As for the angels, I am not sure that it is even possible to talk about their nature and about them. Some have defined angels as forms (as opposed to objects in our world that are form and matter). This brings us back to my first comment. When they say that He and His nature are one, they say that He is a form and not a being. But this is not clear to me, for in what sense can it be said that He exists and acts. The same is true of angels, of course.
To the Rabbi,
There were thinkers who claimed that the ”compulsion” on man to desire happiness is not a compulsion, is this a groundless claim?
The prophets say that God is bound by His promises, He cannot break them and He cannot change His mind. Theologians will explain that this stems from some necessity of the impossibility of doing evil, that it is the opposite of what is found necessary. What is the problem with this? In principle, it seems that if we have proven that we have reached logical necessity, this satisfies any need for additional causal explanations and paralyzes any rational possibility of further raising the question “why” – we have essentially reached the ultimate explanation.

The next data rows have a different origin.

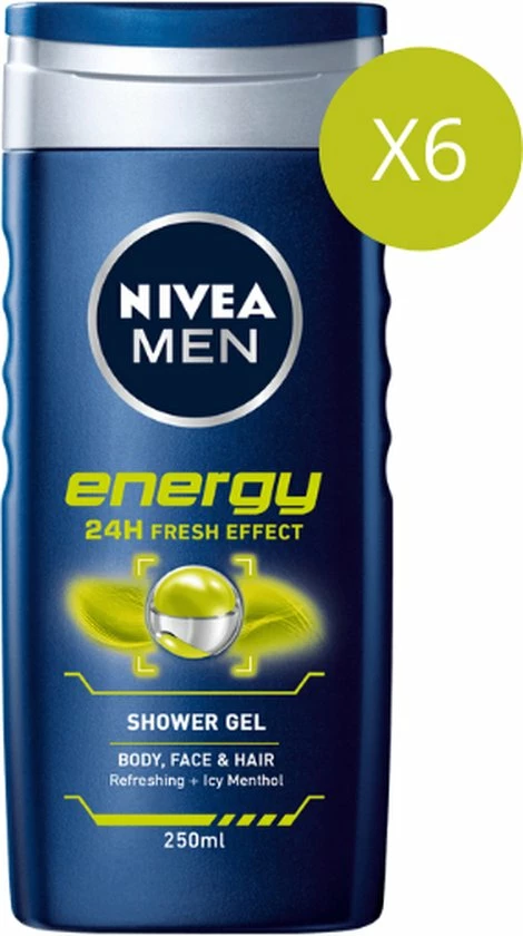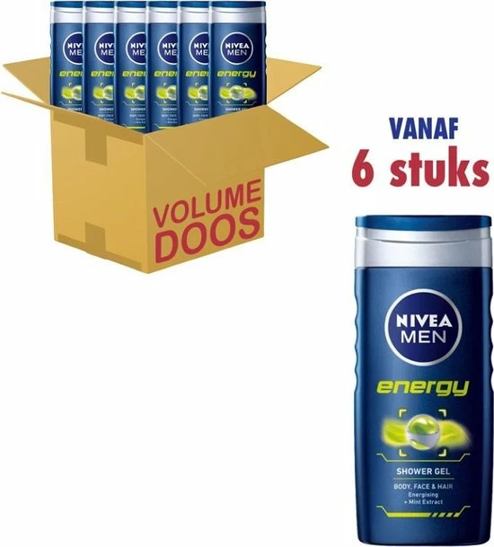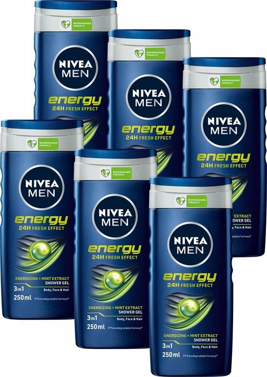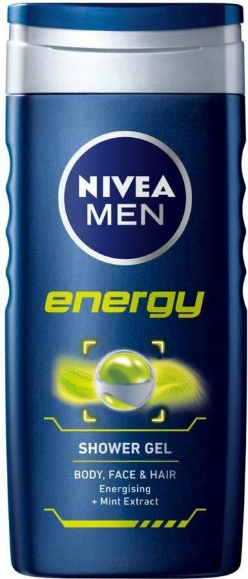 NIVEA MEN Energy douchegel. VOOR MANNEN die een energieboost willen onder de douche met intensieve verzorging voor de huid. De 3-in-1 douchegel voor lichaam, gezicht en haar met activerend mint-extract is de beste manier om je lichaam en geest een energy boost te geven. Geef jezelf nieuwe energie na elke douche.
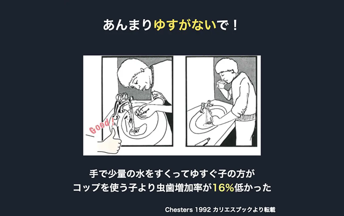 1回ゆすいだのと4回ゆすいだのでは唾液に残るフッ素濃度は4倍違います
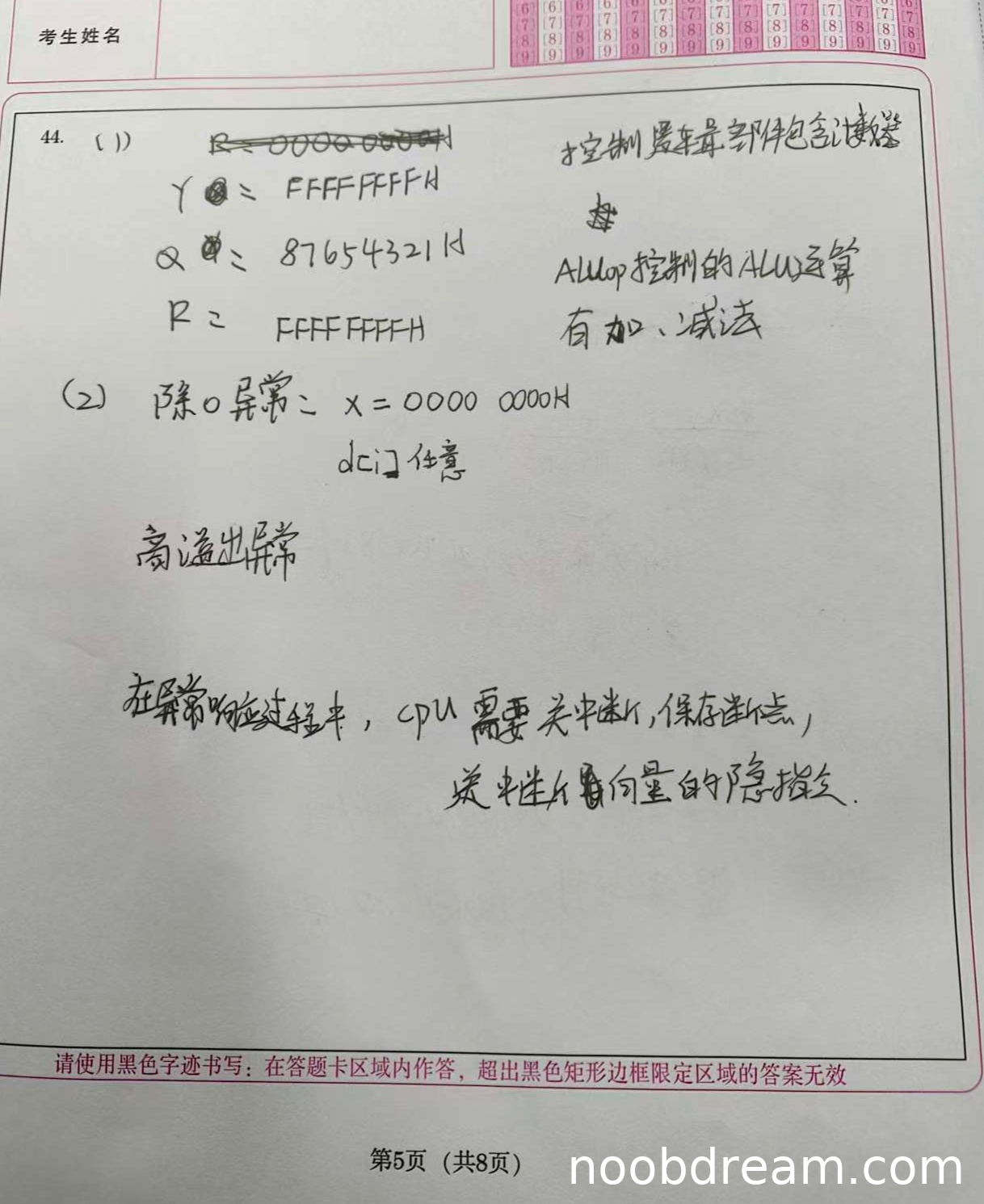 扣分点:溢出异常情况未给出具体数值(-1分),异常响应过程描述不完整(-1分)。本小题得分为:5 - 1 - 1 = 3分。
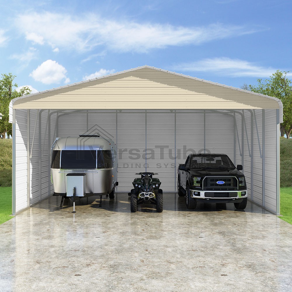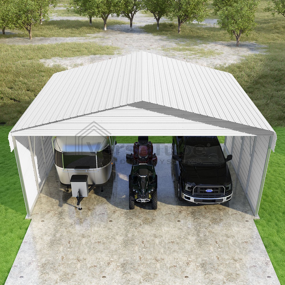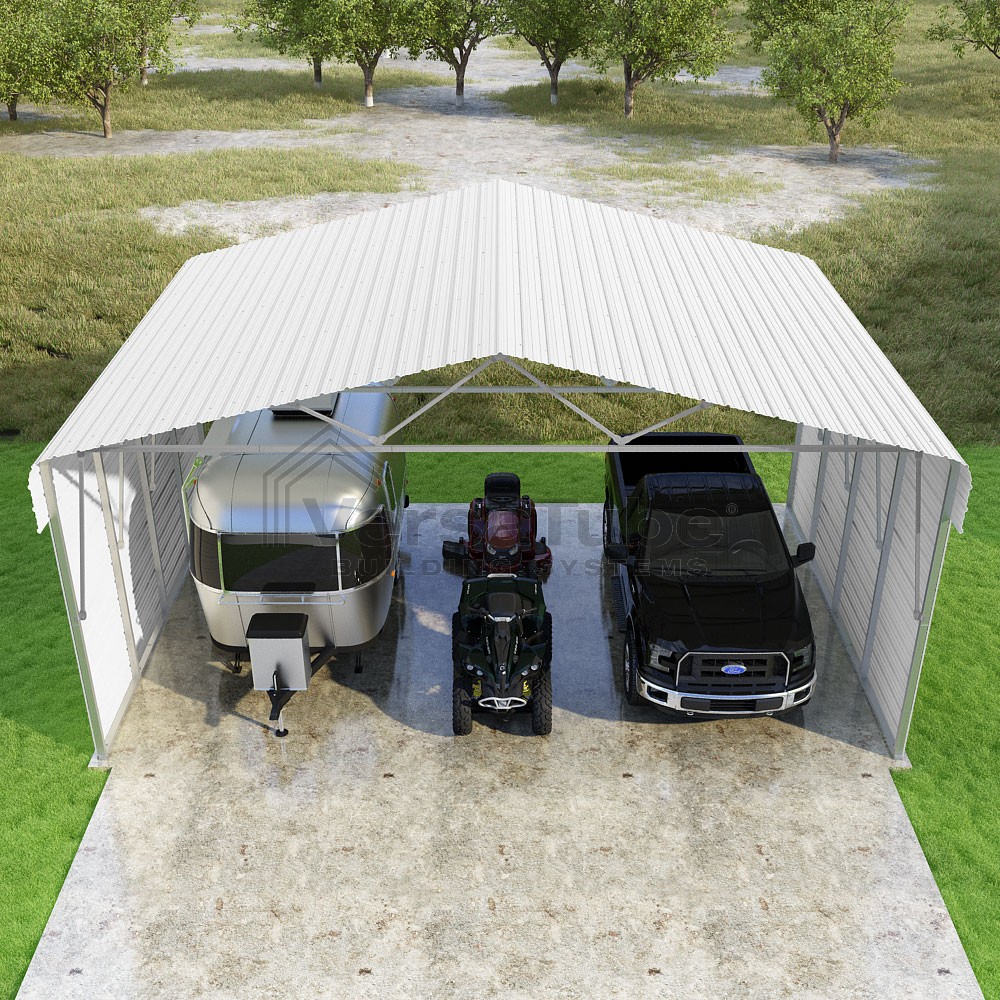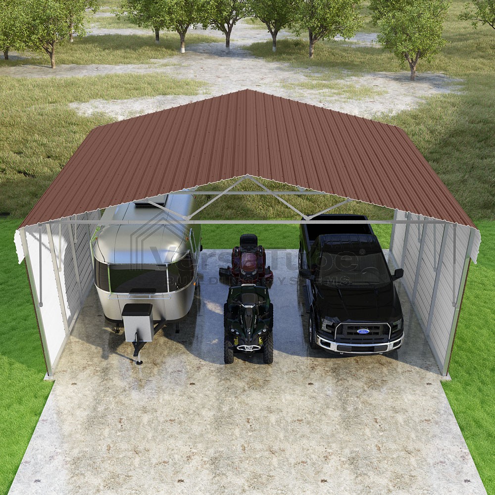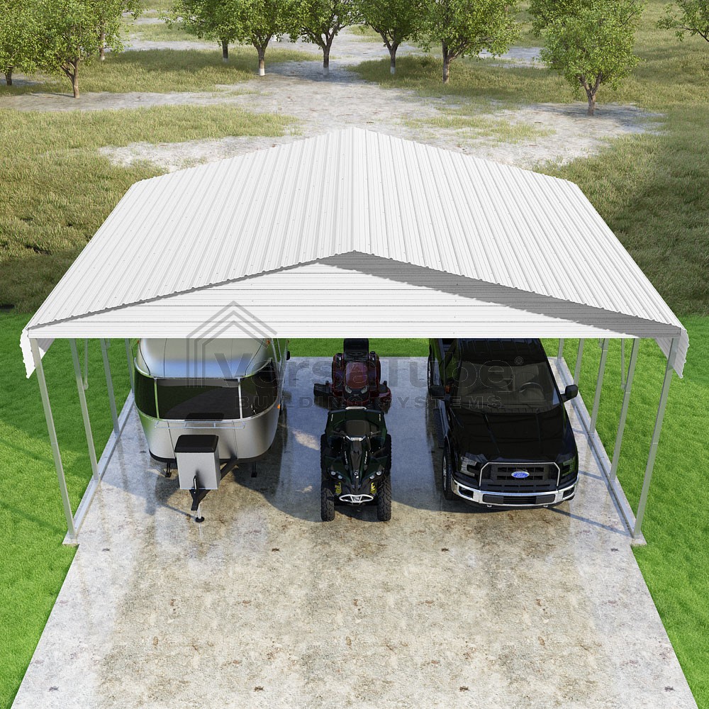 Classic Series DIY carport kit features horizontal application of sheet metal panels with the extra protection of rounded eaves.

The statement “He and His nature are one” Relies on the Aristotelian assumption that the nature of a thing is an actual *component* of the thing (and not some idea that the thing takes part in), even though it does not reflect the reality of the thing as a whole. The humanity of Socrates and Aristotle is an actual component in Socrates and Aristotle themselves, which is particularized through the various bodies in which it is realized and through their contingent private properties. If he and his nature are one, then what remains is only a self-actualizing nature without any other principles participating in it (or one could say that there is only an individual absolutely identical to his nature and there is no logical connection between them).
When looking at nature as an actual component of the whole thing, there is no problem in saying that there may be a limit case in which only nature exists without the addition of additional ontological aspects. As with angels as forms, the question of how they can exist and act is relevant only within the framework of Platonist metaphysics, but not with regard to Aristotelian metaphysics, which sees form as a real component in the existence of concrete objects with causal action capabilities.
Regarding coercion for something I would have done anyway, this is a dispute between the first and the last. See Banzi”t a’ ‘rape’. But for me it is a semantic question (depending on whether you define rape as coercion to do something I would not have done or as the application of coercion and that is it).
There is no problem with it being coerced by what is in its nature. I agree with that myself. It is also coerced by the laws of logic.
It is not for nothing that in Aristotelian metaphysics there are no ideas (they are not applicable but perhaps categories).